Jean-Luc Mélenchon et les nantis Lumières
« Le choix de notre génération, c’est de poursuivre le rêve des Lumières parce qu’il est menacé. »
Macron, 19 avril 2017, Nantes
………
Sur le bureau, le hors-série de Philosophie magazine 7,90 euros, le prix d’une pinte de
bière en terrasse au soleil. Dans le jargon, du matériel pour la critique de la critique. Le titre
est alléchant : « Les anti-lumières. Ils ne croient pas au progrès. Ils méprisent la démocratie.
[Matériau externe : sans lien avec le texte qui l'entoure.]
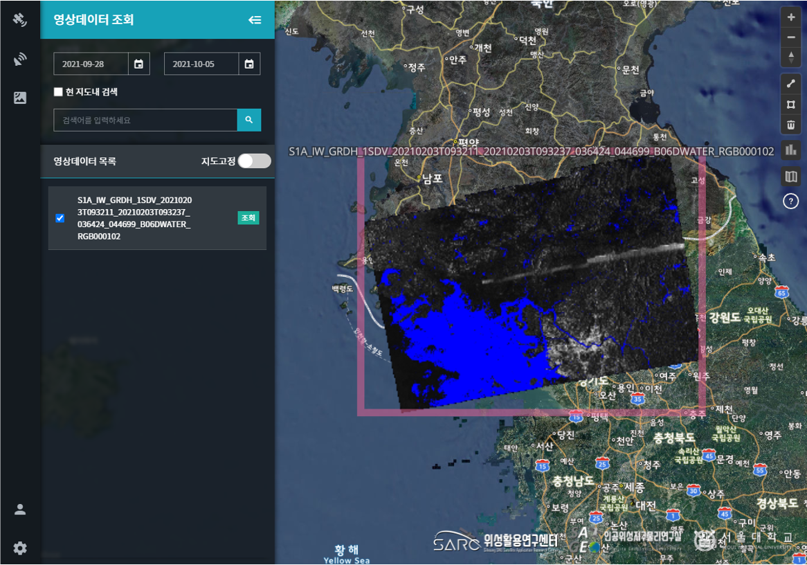 ✅서울대학교 위성활용연구센터 원격탐사 위성영상 화면 표출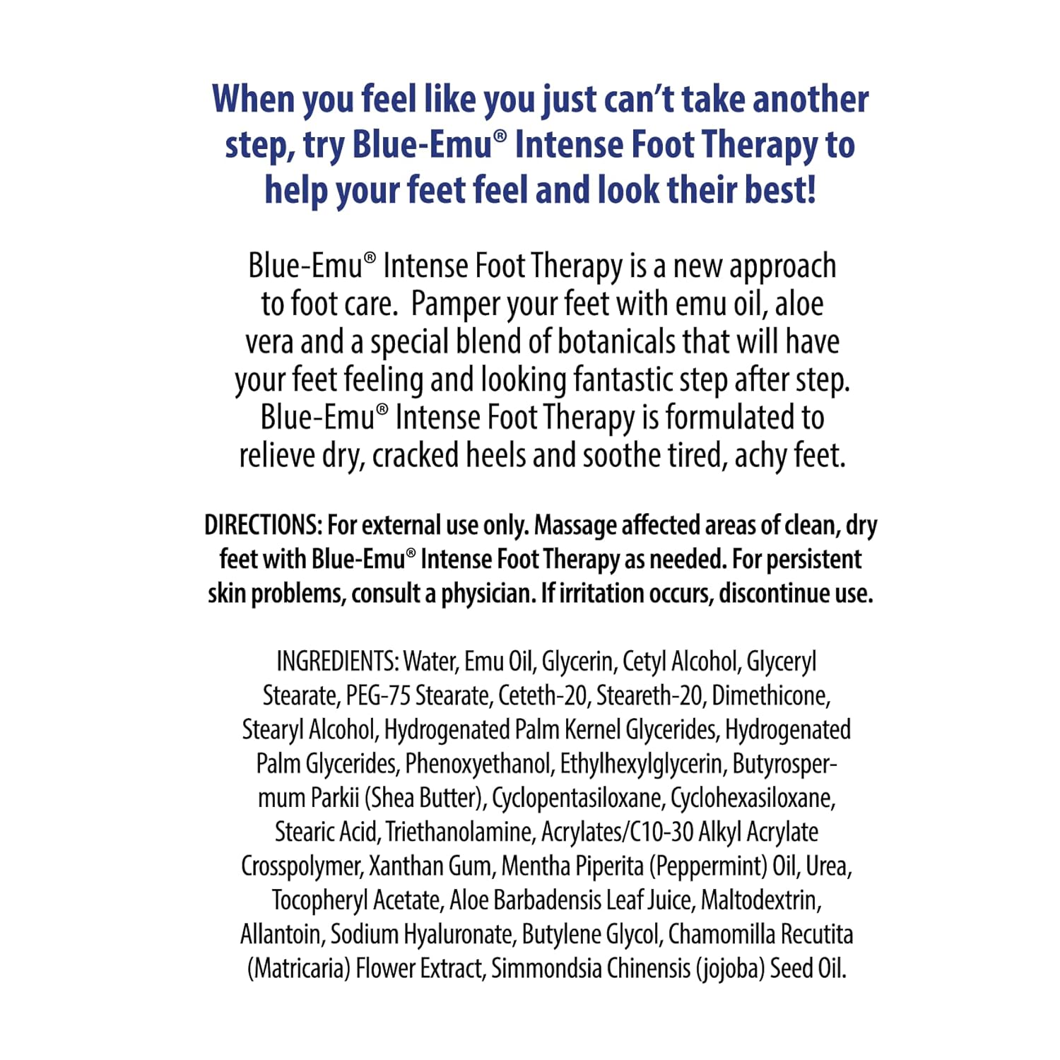 BLUE-EMU Intense Foot Therapy Cream for Dry Skin and Tired Feet - 5oz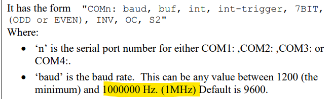 FYI: I don't know if I have somehow missed the latest manual but mine still shows: ![]() I have tested to 3MBAUD...The H7 won't recognize anything faster. |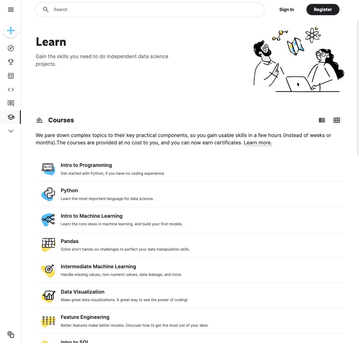 Kaggle is an excellent platform providing exercise-based courses for Data Science.

Ils sont de retour. » Les noms : « Barrès. Baudelaire. Chateaubriand. Heidegger. De
Maistre. Maurras. Nietzsche. Sade. Carl Schmitt. » L’illustration : Le voyageur contemplant
une mer de nuage de Friedrich Caspar David, un classique. Page 3, dans la préface du
magazine en question intitulée « Avis de tempête », le rédacteur en chef, Sven Ortoli conclut
: « C’est la peur du vide qui lie l’abîme au sommet. Et si les anti-Lumières ont encore tant
d’échos aujourd’hui c’est parce qu’ils disent cette peur de la fragmentation et du
déracinement ; cette peur d’êtres devenus, selon le mot de Lukacs, des sans-abri
transcendantaux. Entendre cette peur, c’est défendre les Lumières. Et la démocratie. » La
messe est (déjà) dite : il s’agit donc d’entendre les anti-Lumières qui méprisent la
démocratie pour défendre les Lumières et la démocratie. Je regrette déjà ma pinte au soleil.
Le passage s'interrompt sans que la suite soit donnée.